▸ **Exercise details**
Beginning at the line containing "滑鼠移動器在淘寶以低至18元人民幣出售。(互聯網)", repeat each line below exactly up to and including the line containing "No.83*4。今天搓了七斤". Do not repeat the pictures.

▸ **Extracted entries**
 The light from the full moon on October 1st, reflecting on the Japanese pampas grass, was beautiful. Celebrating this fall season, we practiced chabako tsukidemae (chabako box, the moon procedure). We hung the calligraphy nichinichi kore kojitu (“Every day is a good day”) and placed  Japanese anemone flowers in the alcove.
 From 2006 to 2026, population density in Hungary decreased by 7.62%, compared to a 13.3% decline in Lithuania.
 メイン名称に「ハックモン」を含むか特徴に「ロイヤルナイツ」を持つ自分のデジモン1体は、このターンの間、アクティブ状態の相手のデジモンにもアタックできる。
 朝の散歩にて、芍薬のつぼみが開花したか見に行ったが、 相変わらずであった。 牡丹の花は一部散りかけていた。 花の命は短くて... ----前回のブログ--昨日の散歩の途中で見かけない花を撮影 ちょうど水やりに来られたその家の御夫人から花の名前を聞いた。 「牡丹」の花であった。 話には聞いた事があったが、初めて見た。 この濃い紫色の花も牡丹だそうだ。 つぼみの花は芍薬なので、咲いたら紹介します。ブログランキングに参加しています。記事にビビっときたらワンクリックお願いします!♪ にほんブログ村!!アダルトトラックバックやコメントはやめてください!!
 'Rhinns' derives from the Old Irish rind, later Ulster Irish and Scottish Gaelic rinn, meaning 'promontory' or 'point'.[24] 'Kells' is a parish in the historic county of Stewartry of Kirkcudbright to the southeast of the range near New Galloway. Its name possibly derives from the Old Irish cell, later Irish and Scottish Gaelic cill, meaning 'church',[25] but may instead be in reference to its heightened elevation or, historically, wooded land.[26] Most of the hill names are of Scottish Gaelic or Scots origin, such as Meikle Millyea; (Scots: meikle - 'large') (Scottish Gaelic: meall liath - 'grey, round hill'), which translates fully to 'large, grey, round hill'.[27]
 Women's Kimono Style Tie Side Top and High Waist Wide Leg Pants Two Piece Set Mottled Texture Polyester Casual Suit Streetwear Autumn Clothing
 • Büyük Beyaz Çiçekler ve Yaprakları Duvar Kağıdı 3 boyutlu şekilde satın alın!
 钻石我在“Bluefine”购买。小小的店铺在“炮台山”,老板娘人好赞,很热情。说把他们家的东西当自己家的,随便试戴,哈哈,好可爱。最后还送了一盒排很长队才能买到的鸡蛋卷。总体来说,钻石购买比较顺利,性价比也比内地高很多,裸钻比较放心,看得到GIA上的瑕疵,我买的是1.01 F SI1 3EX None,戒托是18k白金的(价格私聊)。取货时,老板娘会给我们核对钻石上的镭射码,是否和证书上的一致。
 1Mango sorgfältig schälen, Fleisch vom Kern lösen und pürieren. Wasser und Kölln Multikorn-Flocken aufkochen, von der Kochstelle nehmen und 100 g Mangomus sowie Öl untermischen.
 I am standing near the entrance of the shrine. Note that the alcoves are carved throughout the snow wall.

==

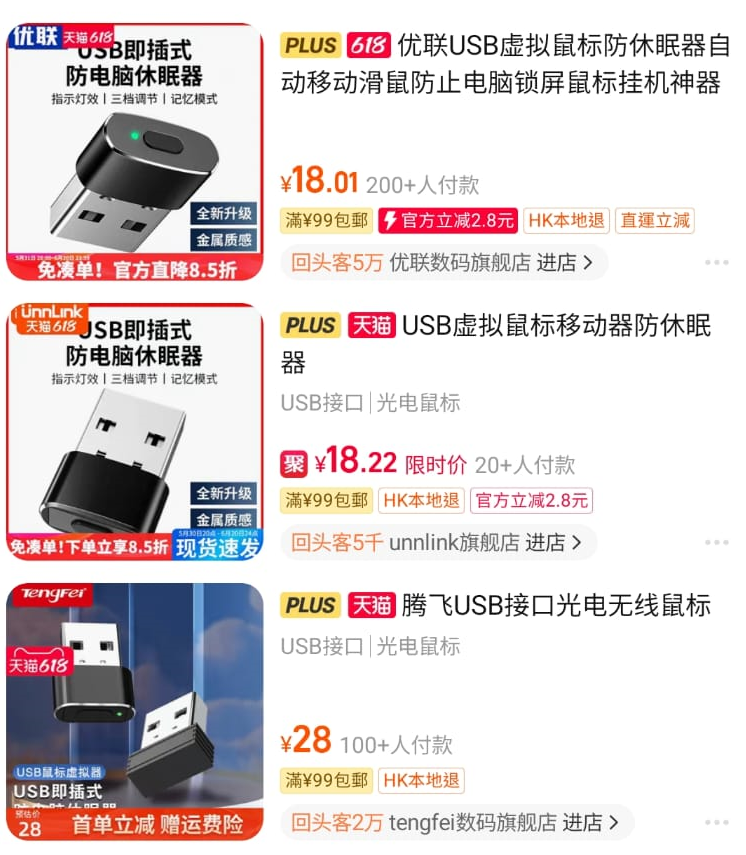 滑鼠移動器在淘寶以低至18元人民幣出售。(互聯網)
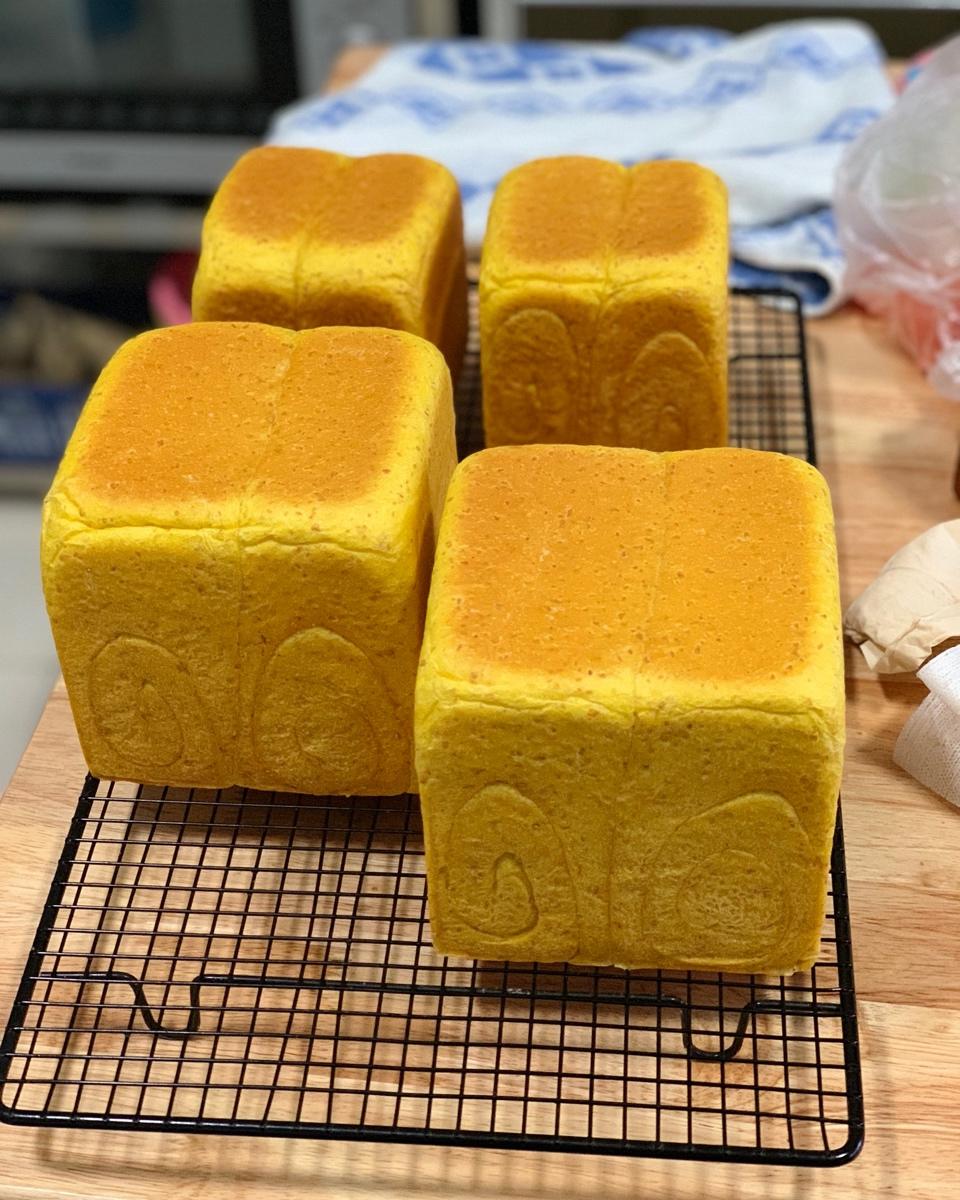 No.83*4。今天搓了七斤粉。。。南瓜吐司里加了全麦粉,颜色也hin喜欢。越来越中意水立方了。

▸ **Response**
 滑鼠移動器在淘寶以低至18元人民幣出售。(互聯網)
 No.83*4。今天搓了七斤粉。。。南瓜吐司里加了全麦粉,颜色也hin喜欢。越来越中意水立方了。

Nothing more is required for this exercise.